壁にはいくつかの写真が飾ってあったが、そのうちの一枚に見覚えのある顔を見つけてアシュアは足をとめた。こちらを見て屈託のない笑みを浮かべている少年……
「それ…… セレスが10歳くらいのときのものです」
フェイがアシュアの様子に気づいて言った。
「その頃はまだ体があまり丈夫じゃなくて。ハルドについて『コリュボス』に行くなんて言い出したときは、どうしようかと思ったわ。『コリュボス』に行ったら行ったで今度は『ライン』に入る、でしょう?」
アシュアはあいまいに笑みを浮かべた。
「あ、どうぞ、奥に入って。お茶をお持ちしますから」
指し示された手に沿って奥のリビングに行くと、初老の男性が待っていた。
「どうも。ケヴィン・クレイです」
彼が手を差し出したので、アシュアはその手を握り返した。
「急な訪問ですみません」
「いや、とんでもない。来てくれて嬉しいよ」
ケヴィンは思慮深そうな顔立ちだった。セレスの父親はフェイと姉弟だから、彼とセレスは似ているはずがないのだが、笑うと深く刻まれる目尻の皺はどことなく人懐こいセレスの笑顔を思い出させた。
椅子を進められてアシュアが座ると待ちきれないようにケヴィンは口を開いた。
「セレスの様子はどうですか」
「ええ……」
アシュアは答えた。
「覚醒は近いんじゃないかということです。いつかっていうところまでは分からないんですが」
「そうですか……」
ケヴィンはうなずいた。フェイがトレイにティカップを乗せて現れた。小さな皿に焼き菓子を添えている。甘い香りはこれだったのかもしれない。
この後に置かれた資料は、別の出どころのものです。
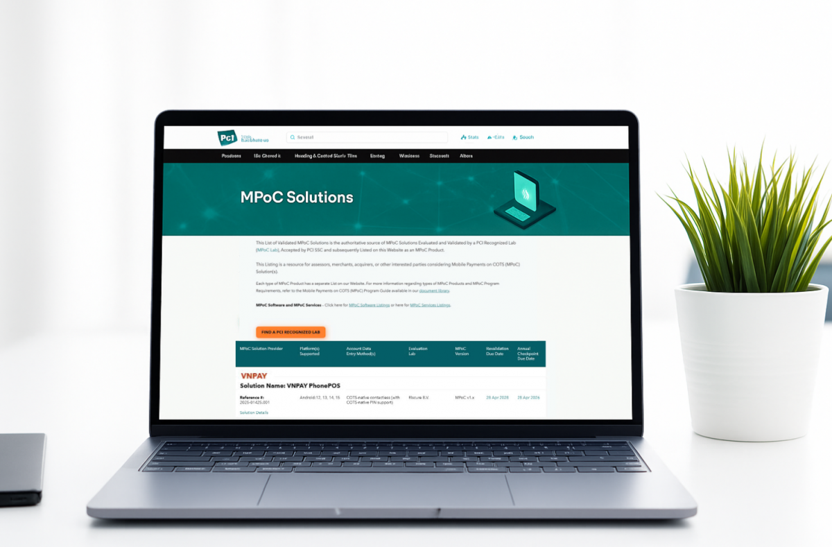 Theo công bố chính thức từ Hội đồng Tiêu chuẩn Bảo mật Ngành Thẻ Thanh Toán (PCI SSC), VNPAY là đại diện đầu tiên đến từ Việt Nam đạt chứng chỉ MPoC, với giải pháp thanh toán di động VNPAY PhonePOS.

「できればあの子のそばにいてやりたいんですけど…… 行っても会わせてもらえないって言われて……」
フェイはカップをそれぞれの前に置きながら言った。
「おれも…… そうそう会わせてもらえるわけじゃないんです。でも、心配しなくても大丈夫ですよ。彼の看護は最高レベルですから」
アシュアは慰めるようにフェイに言った。フェイはうなずいた。
「あの子…… ハルドが亡くなったことを知らないのよね……」
彼女は皿を置く手を止めて悲しそうにつぶやいた。
「お兄ちゃん子だったのに……」
アシュアは何も言えずに目を伏せた。